**Records**
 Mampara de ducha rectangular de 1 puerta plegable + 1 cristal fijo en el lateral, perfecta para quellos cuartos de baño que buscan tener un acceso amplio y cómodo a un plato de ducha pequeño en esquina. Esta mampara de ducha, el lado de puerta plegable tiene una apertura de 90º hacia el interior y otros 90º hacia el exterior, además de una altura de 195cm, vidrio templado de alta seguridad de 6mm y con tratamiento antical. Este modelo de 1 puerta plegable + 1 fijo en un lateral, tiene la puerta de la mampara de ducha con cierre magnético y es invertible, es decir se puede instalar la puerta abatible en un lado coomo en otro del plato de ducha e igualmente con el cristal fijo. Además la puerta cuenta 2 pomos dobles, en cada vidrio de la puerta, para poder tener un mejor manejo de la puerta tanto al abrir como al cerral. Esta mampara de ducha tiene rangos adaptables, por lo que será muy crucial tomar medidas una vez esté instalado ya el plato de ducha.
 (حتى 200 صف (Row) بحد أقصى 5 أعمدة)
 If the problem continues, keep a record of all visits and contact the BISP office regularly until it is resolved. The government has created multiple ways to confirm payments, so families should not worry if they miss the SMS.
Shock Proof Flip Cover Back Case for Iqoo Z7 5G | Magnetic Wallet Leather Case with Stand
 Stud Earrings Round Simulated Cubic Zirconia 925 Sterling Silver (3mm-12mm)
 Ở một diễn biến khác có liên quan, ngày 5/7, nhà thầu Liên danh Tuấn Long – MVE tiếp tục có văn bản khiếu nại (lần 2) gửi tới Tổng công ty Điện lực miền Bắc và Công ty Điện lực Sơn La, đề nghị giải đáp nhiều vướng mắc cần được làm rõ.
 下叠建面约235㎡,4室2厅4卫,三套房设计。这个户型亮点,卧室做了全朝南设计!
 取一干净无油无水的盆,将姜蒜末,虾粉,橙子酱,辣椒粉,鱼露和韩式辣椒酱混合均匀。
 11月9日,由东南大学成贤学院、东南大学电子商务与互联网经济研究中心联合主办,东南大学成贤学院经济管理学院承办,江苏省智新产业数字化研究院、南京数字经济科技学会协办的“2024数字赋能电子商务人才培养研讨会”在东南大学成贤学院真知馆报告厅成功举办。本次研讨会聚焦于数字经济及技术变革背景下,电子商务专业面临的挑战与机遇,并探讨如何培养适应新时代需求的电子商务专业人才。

**Assignment**
Write out precisely the lines from the one holding "If the problem" through the end of the material, including both of those ends.

**Answer for this exercise**
 If the problem continues, keep a record of all visits and contact the BISP office regularly until it is resolved. The government has created multiple ways to confirm payments, so families should not worry if they miss the SMS.
Shock Proof Flip Cover Back Case for Iqoo Z7 5G | Magnetic Wallet Leather Case with Stand
 Stud Earrings Round Simulated Cubic Zirconia 925 Sterling Silver (3mm-12mm)
 Ở một diễn biến khác có liên quan, ngày 5/7, nhà thầu Liên danh Tuấn Long – MVE tiếp tục có văn bản khiếu nại (lần 2) gửi tới Tổng công ty Điện lực miền Bắc và Công ty Điện lực Sơn La, đề nghị giải đáp nhiều vướng mắc cần được làm rõ.
 下叠建面约235㎡,4室2厅4卫,三套房设计。这个户型亮点,卧室做了全朝南设计!
 取一干净无油无水的盆,将姜蒜末,虾粉,橙子酱,辣椒粉,鱼露和韩式辣椒酱混合均匀。
 11月9日,由东南大学成贤学院、东南大学电子商务与互联网经济研究中心联合主办,东南大学成贤学院经济管理学院承办,江苏省智新产业数字化研究院、南京数字经济科技学会协办的“2024数字赋能电子商务人才培养研讨会”在东南大学成贤学院真知馆报告厅成功举办。本次研讨会聚焦于数字经济及技术变革背景下,电子商务专业面临的挑战与机遇,并探讨如何培养适应新时代需求的电子商务专业人才。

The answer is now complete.